Return-Path: <daveoran@orandom.net>
X-Original-To: coin@ietfa.amsl.com
Delivered-To: coin@ietfa.amsl.com
Received: from localhost (localhost [127.0.0.1]) by ietfa.amsl.com (Postfix) with ESMTP id 0918712D4E8 for <coin@ietfa.amsl.com>; Mon, 18 Mar 2019 10:50:24 -0700 (PDT)
X-Virus-Scanned: amavisd-new at amsl.com
X-Spam-Flag: NO
X-Spam-Score: -1.9
X-Spam-Level:
X-Spam-Status: No, score=-1.9 tagged_above=-999 required=5 tests=[BAYES_00=-1.9, HTML_MESSAGE=0.001, SPF_PASS=-0.001] autolearn=ham autolearn_force=no
Received: from mail.ietf.org ([4.31.198.44]) by localhost (ietfa.amsl.com [127.0.0.1]) (amavisd-new, port 10024) with ESMTP id PflrB32K3_48 for <coin@ietfa.amsl.com>; Mon, 18 Mar 2019 10:50:17 -0700 (PDT)
Received: from spark.crystalorb.net (spark.crystalorb.net [IPv6:2607:fca8:1530::c]) (using TLSv1.2 with cipher ECDHE-RSA-AES256-GCM-SHA384 (256/256 bits)) (No client certificate requested) by ietfa.amsl.com (Postfix) with ESMTPS id 3C08B12F1A6 for <coin@irtf.org>; Mon, 18 Mar 2019 10:50:13 -0700 (PDT)
Received: from [192.168.15.137] ([IPv6:2601:184:4081:19c1:89df:9424:adeb:44b]) (authenticated bits=0) by spark.crystalorb.net (8.14.4/8.14.4/Debian-4+deb7u1) with ESMTP id x2IHnmPl018083 (version=TLSv1/SSLv3 cipher=AES256-GCM-SHA384 bits=256 verify=NO); Mon, 18 Mar 2019 10:49:50 -0700
From: "David R. Oran" <daveoran@orandom.net>
To: "Schooler, Eve M" <eve.m.schooler@intel.com>, michael.mcbride@huawei.com, cjbc@it.uc3m.es
Cc: coin@irtf.org
Date: Mon, 18 Mar 2019 13:49:47 -0400
X-Mailer: MailMate (1.12.4r5618)
Message-ID: <6EB642FF-4FF4-4B1B-88C2-5872166FDFF2@orandom.net>
MIME-Version: 1.0
Content-Type: multipart/alternative; boundary="=_MailMate_C90A8183-D513-4266-BCFB-11C8128D820D_="
Content-Transfer-Encoding: 8bit
Archived-At: <https://mailarchive.ietf.org/arch/msg/coin/j-qcaMcg298h4YCIBrL5MpJutNQ>
Subject: [Coin] Some comments on draft-mcbride-edge-data-discovery-overview-01
X-BeenThere: coin@irtf.org
X-Mailman-Version: 2.1.29
Precedence: list
List-Id: "COIN: Computing in the Network" <coin.irtf.org>
List-Unsubscribe: <https://www.irtf.org/mailman/options/coin>, <mailto:coin-request@irtf.org?subject=unsubscribe>
List-Archive: <https://mailarchive.ietf.org/arch/browse/coin/>
List-Post: <mailto:coin@irtf.org>
List-Help: <mailto:coin-request@irtf.org?subject=help>
List-Subscribe: <https://www.irtf.org/mailman/listinfo/coin>, <mailto:coin-request@irtf.org?subject=subscribe>
X-List-Received-Date: Mon, 18 Mar 2019 17:50:24 -0000

Thanks for an interesting draft - I hadn’t read the -00 version so 
this is the first chance I’ve had to think about it and offer some 
suggestions.

I appreciate the importance of the topic and think it’s worth doing 
research and some protocol design around. The document is well written 
and easy to follow - so thanks for that too. I have some detailed 
comments further along in this note, but I’d like to raise one pretty 
general conceptual difficulty I have with the problem statement.

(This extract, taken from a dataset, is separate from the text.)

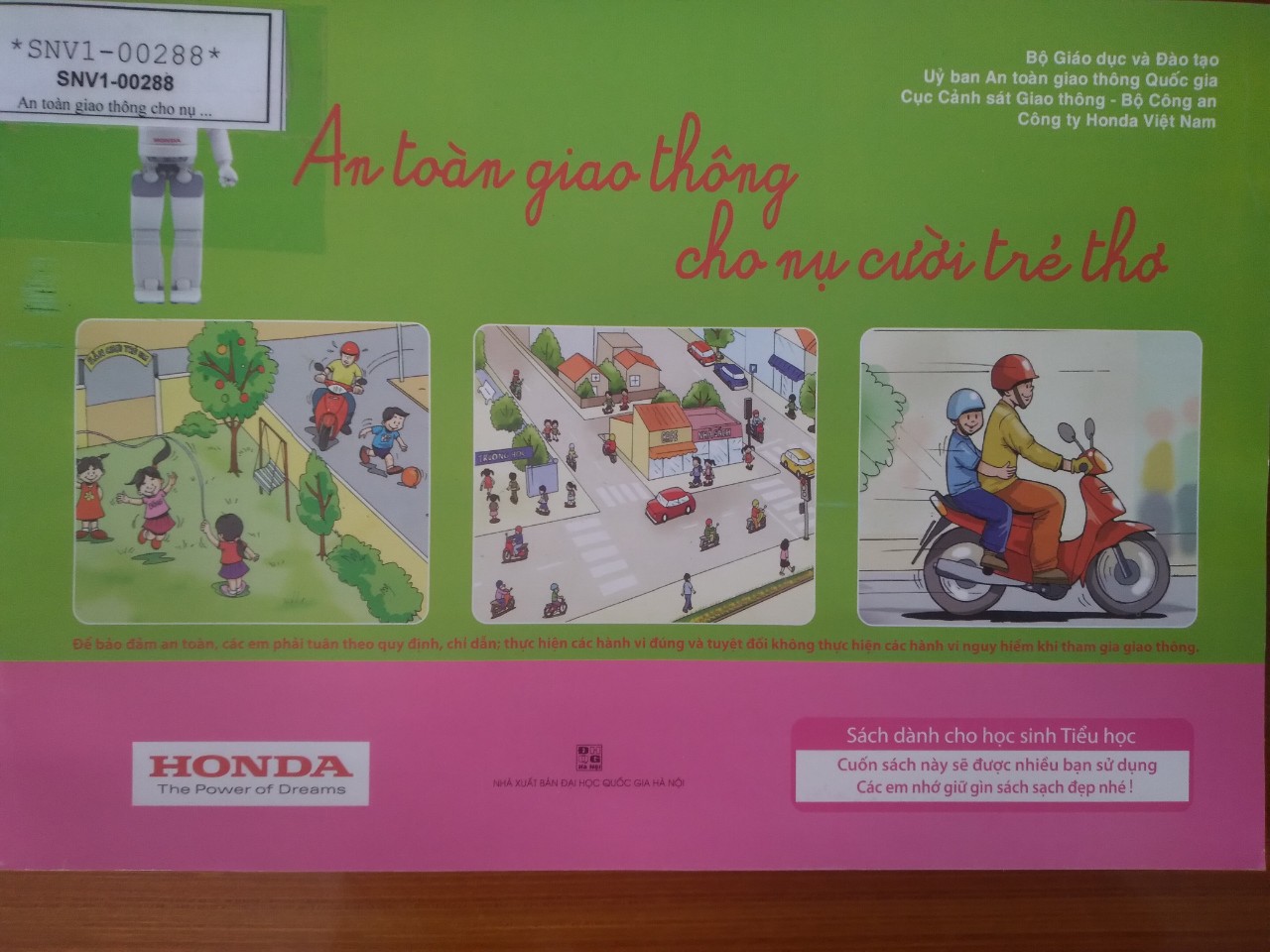 Thông tin thư mục: An toàn giao thông cho nụ cười trẻ thơ/Nhiều tác giả.- H.: Đại học Quốc gia Hà Nội, 2018.- 26tr.:hình vẽ; 25cm.-(Dành cho học sinh tiểu học).

It is not clear to me that “edge data discovery” has a crisp 
definition or boundary that distinguishes it from the other things that 
are needed to make edge computing work. There is actually a continuum 
from “searching for data”, through “discovering data” to 
“accessing data” and making a sharp division among these things in 
order to craft protocols may not be ideal for either generating valuable 
research or engineering protocols. Conceptually, the document proposes 
that I sharply separate:

- Searching for data: “I don’t know exactly what I want to access, 
only a possibly partial description thereof”

- “Discovering” data: which in the context of this draft seems to 
mean “I know exactly what I want but not where it currently lives”.

- Accessing Data: I know exactly what I want please fetch it - which may 
or may not require me to know where it lives beforehand (c.f. the 
ICN/NDN discussion towards the end of the document).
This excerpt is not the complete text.